ATLANTA—Hotel profits are up. Debt is more available. Cap rates are stable. And values are expected to rise in the near-term. That's the story from PKF Consulting (PKFC). The firm just released its annual Hospitality Investment Survey, which tracks changes in hotel investment and financing criteria for the past 12 months.
“With supply growth forecast to remain below the long-run average, the outlook for exceptional returns on hotel investments appears to be positive,” says Scott Smith, vice president in PKFC's Atlanta office. “The only outstanding question among the respondents to our survey is 'how long can the industry maintain this peak performance?'”

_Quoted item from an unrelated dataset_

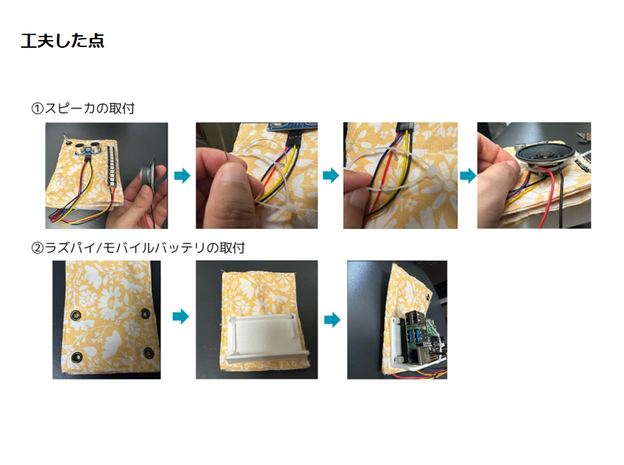 ④配線図をみながらジャンパ線を使ってRaspberry Pi(音声モジュール)と電子部品を接続し、ハーネスなど結束していきます。
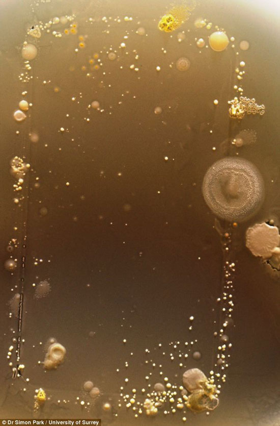 Студенты факультета бактериологии Университета Суррея ради эксперимента на некоторое время поместили свои мобильные телефоны в чашки Петри, чтобы посмотреть, какими именно микроорганизмами населена их поверхность. Специальный посев культур не производился.

So what's driving all the optimism? The strong outlook for major hotel metrics. According to the June 2014 edition of PKF Hospitality Research's Hotel Horizon's report, supply growth is expected to remain below the 1.9% long-run average through 2016 and increase to 2.1% in 2017.

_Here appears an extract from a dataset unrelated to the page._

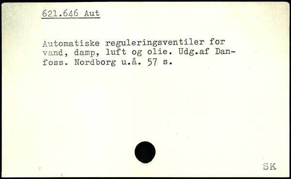 Automatiske reguleringsventiler for vand, damp, luft og olie. Udg.af Dan-foss. Nordborg u.å.
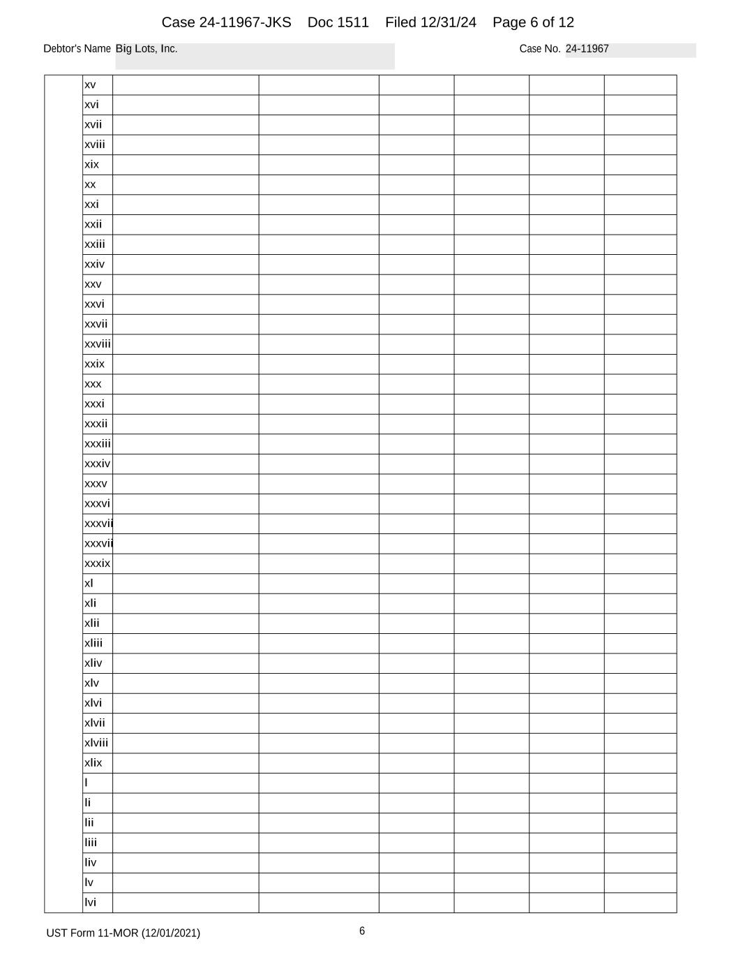 UST Form 11-MOR (12/01/2021) 6 Debtor's Name Big Lots, Inc. Case No. 24-11967 xv xvi xvii xviii xix xx xxi xxii xxiii xxiv xxv xxvi xxvii xxviii xxix xxx xxxi xxxii xxxiii xxxiv xxxv xxxvi xxxvii xxxvii xxxix xl xli xlii xliii xliv xlv xlvi xlvii xlviii xlix l li lii liii liv lv lvi Case 24-11967-JKS Doc 1511 Filed 12/31/24 Page 6 of 12

The report also forecasts this modest growth will drive strong hotel occupancy and allow hotel operators to raise average daily rates. All that equals healthy revenue per available room (RevPAR) growth through 2016.

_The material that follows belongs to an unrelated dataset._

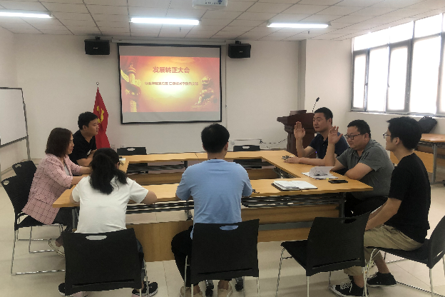 5月8日,口腔技术学院党支部所有教职工在医工实训中心五楼召开2019年度上半年党支部党员发展大会。会议由张紫阳主持。

What's more, the report revealed hotel property level net operating income (NOI) increased 10.1% for the typical US hotel in 2013. That's just below the 2012 year-over-year increase of 10.2%. Double-digit annual NOI gains are forecast to persist through 2015.
“Many survey respondents indicated that owners are holding on to high yielding assets as the outlook for NOI growth remains strong,” Smith says. “As a result, there are a limited number of hotels available for purchase. This has created a competitive environment for buyers, effectively driving up pricing. In response, some investors are now targeting alternative asset classes (i.e. select service, extended stay) or focusing on secondary and tertiary markets.”
Turning to the investment front, PKFC says “vast majority” of investors remain “bullish” on the near-term outlook for hotel investing. A positive NOI outlook is causing a slight dip in cap rates for hotels.
At 8.27%, we're seeing the lowest cap rate recorded since the firm launched its survey. There was virtually no change in discount rates, terminal cap rates or equity yields year-over-year. Smith says, “In our opinion, this displays the comfort level that many market participants have with the current investment environment.”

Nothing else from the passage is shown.